Up to and including the line that holds "Семга соленая с лимоном на деревянном фоне", copy every line of the records below exactly, starting at the first; leave pictures out.

++++ Material to process ++++

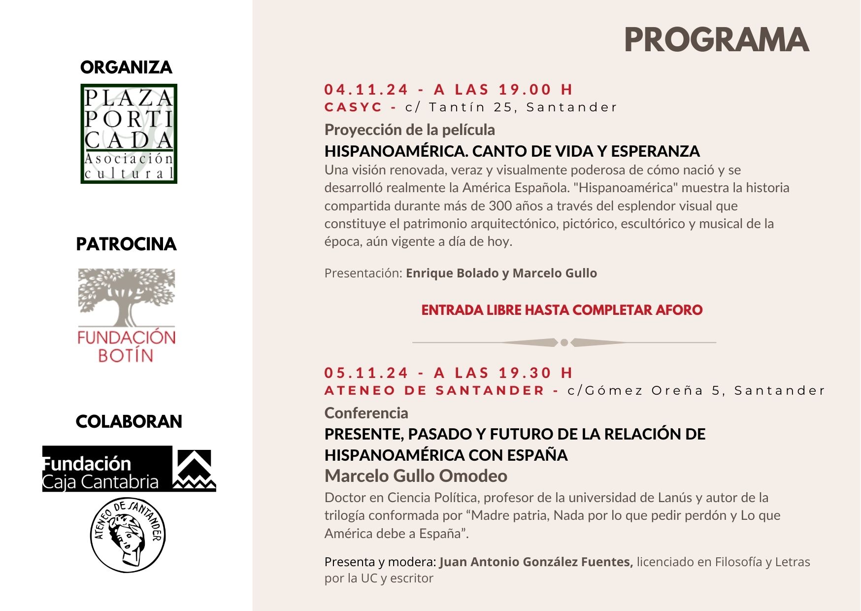 Entrada libre hasta completar el aforo.
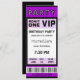Ticket 21st Birthday Party Invitations Purple
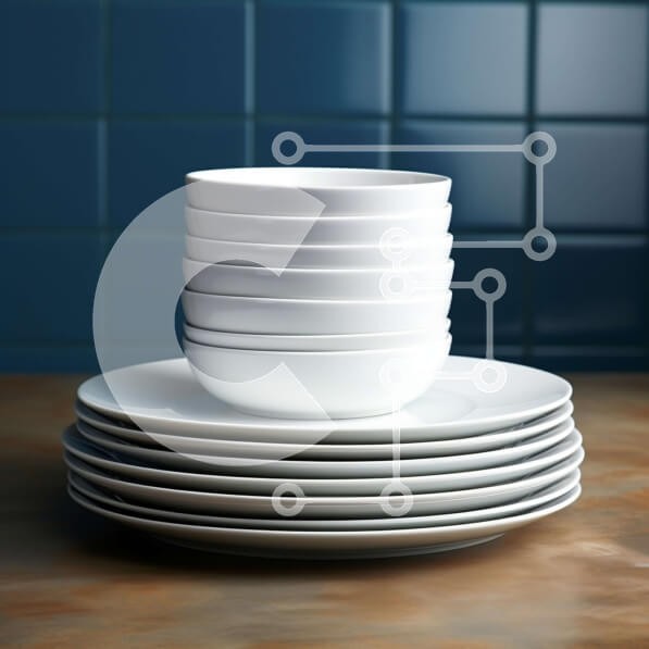 Υπάρχει δυνατότητα προσωποποίησης με δική σας φωτογραφία και προσαρμογής διαστάσεων κατόπιν παραγγελίας. Το συγεκεριμενο puzzle παρουσιαζει Αυτή η εικόνα απεικονίζει μια στοίβα από λευκά πιάτα και μπολ τοποθετημένα σε ένα ξύλινο τραπέζι. Τα πιάτα είναι τακτοποιημένα, με τα μπολ στοιβαγμένα από πάνω τους. Το τραπέζι διαθέτει μπλε πλακάκια πίσω και ξύλινη επιφάνεια, προσθέτοντας ζεστασιά στη σύνθεση. Ένα μοναδικό p
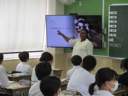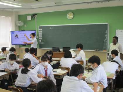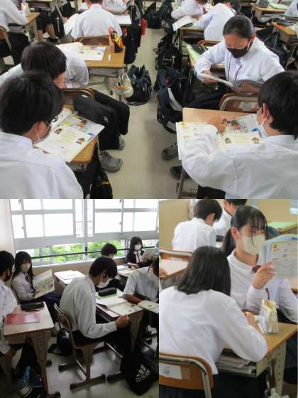 授業の冒頭に、英語で電話のやりとりのSpeakingに、相手をスウィッチしながら取り組みました。
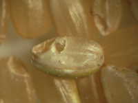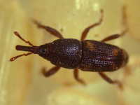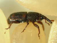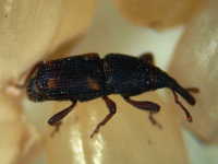 被害:成虫は口吻で玄米に穴を空けて食害する。玄米内の卵から孵化した幼虫は玄米を食い荒らす。
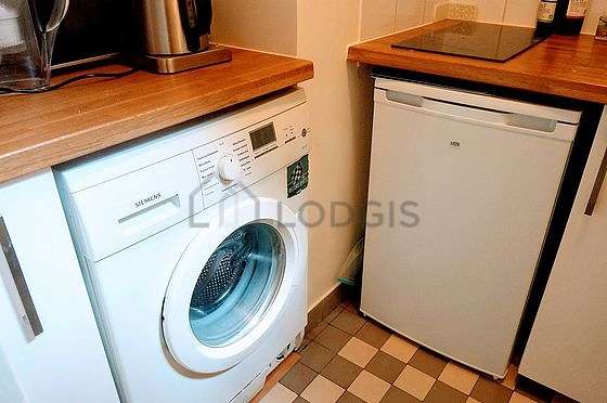 This apartment consists of beautiful kitchen with tile floor and all the essential equipment for your daily life: hob, refrigerator, oven, microwave oven, combined microwave oven, freezer, dining table, wardrobe, shelves, closet, storage space, cupboard, crockery, 1 chair(s).
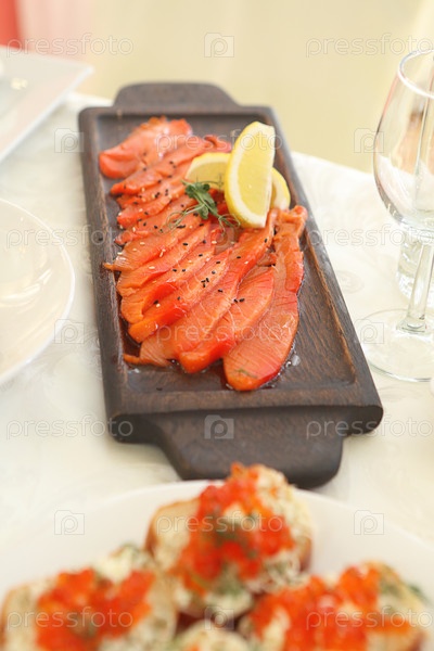 Семга соленая с лимоном на деревянном фоне
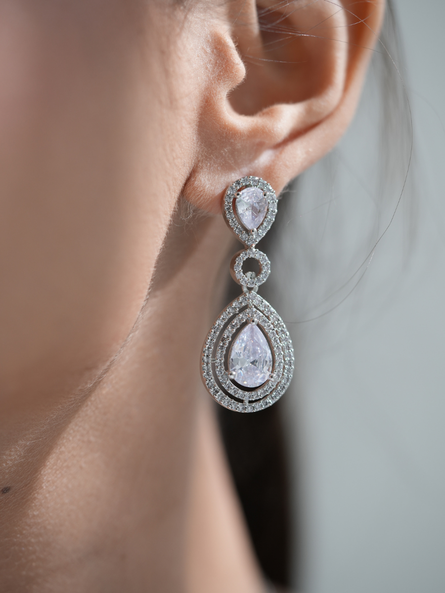 The Crown Cascade – Crystal Clear Edition is the pure expression of regal elegance. Featuring a graceful tear-drop cascade of high-shine AD stones, each layer glimmers with diamond-like clarity, creating a fluid silhouette that softly hugs the neckline. Its luminous sparkle makes it the ultimate choice for bridal wear, reception glam, or any grand evening where refined radiance takes center stage. Paired with matching earrings, this piece speaks of heritage beauty reimagined for modern royalty.
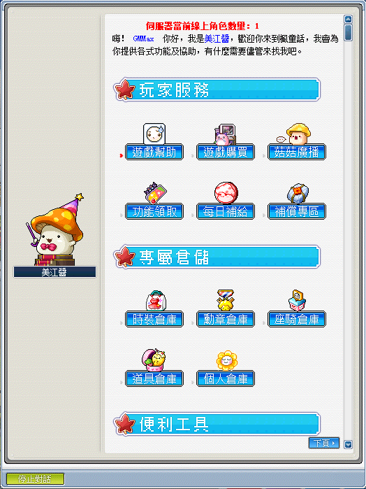 在楓童話裡面,有許多便捷的功能與服務都是由我們的《童話顧問─美江醬》提供服務的,所以加入楓童話首先必須認識他以及他有什麼服務。
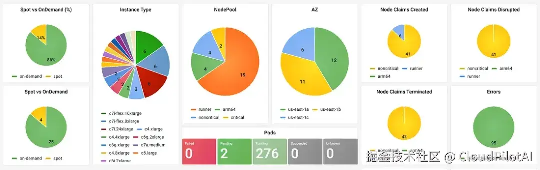 Karpenter 提供日志和 Prometheus 指标,具备完善的可观测能力(具体指标详见官方文档)。我们基于这些数据为不同角色定制了专属监控看板:
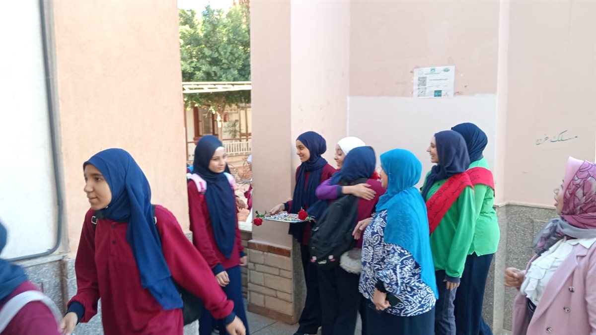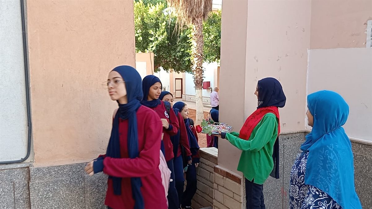 توزيع الورود والشيكولاتة على الطلاب بمدارس أسيوط (فيديو وصور)
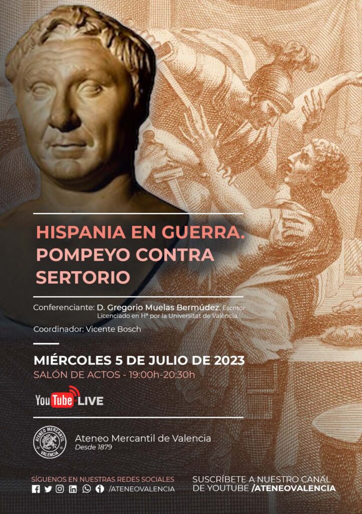 La conferencia se centrará en la Guerra Civil que enfrentó, entre 75-72 a. C., a Cneo Pompeyo el Grande contra el general rebelde Quinto Sertorio en la península ibérica, sobre todo en tierras levantinas, con la destrucción de Valentia, la batalla de Saguntum...
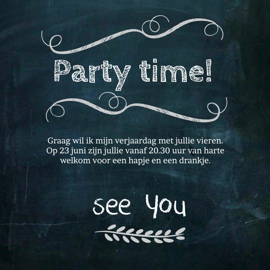 Uitnodiging feest met krijtbord teksten, teksten zijn geheel aanpasbaar. (20731)
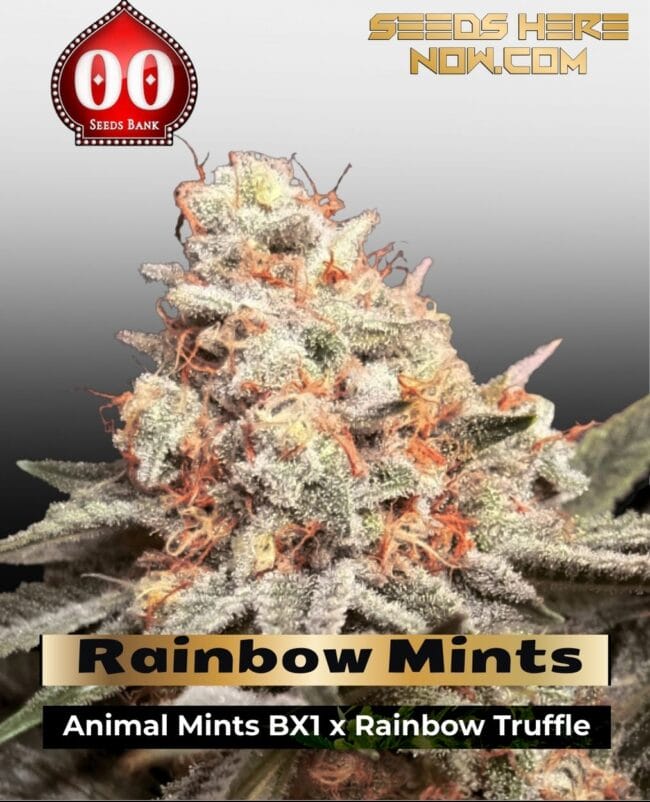 The breeder hasn’t publicly listed the exact parents. Here’s what matters: Rainbow Mints behaves like a modern mint-forward indica cross built for resin, structure, and speed. 00 Seeds leans on proven stock, then stabilizes for uniformity and a predictable finish.

++++

◆ Response to the task ◆
 Entrada libre hasta completar el aforo.
Ticket 21st Birthday Party Invitations Purple
 Υπάρχει δυνατότητα προσωποποίησης με δική σας φωτογραφία και προσαρμογής διαστάσεων κατόπιν παραγγελίας. Το συγεκεριμενο puzzle παρουσιαζει Αυτή η εικόνα απεικονίζει μια στοίβα από λευκά πιάτα και μπολ τοποθετημένα σε ένα ξύλινο τραπέζι. Τα πιάτα είναι τακτοποιημένα, με τα μπολ στοιβαγμένα από πάνω τους. Το τραπέζι διαθέτει μπλε πλακάκια πίσω και ξύλινη επιφάνεια, προσθέτοντας ζεστασιά στη σύνθεση. Ένα μοναδικό p
 授業の冒頭に、英語で電話のやりとりのSpeakingに、相手をスウィッチしながら取り組みました。
 被害:成虫は口吻で玄米に穴を空けて食害する。玄米内の卵から孵化した幼虫は玄米を食い荒らす。
 This apartment consists of beautiful kitchen with tile floor and all the essential equipment for your daily life: hob, refrigerator, oven, microwave oven, combined microwave oven, freezer, dining table, wardrobe, shelves, closet, storage space, cupboard, crockery, 1 chair(s).
 Семга соленая с лимоном на деревянном фоне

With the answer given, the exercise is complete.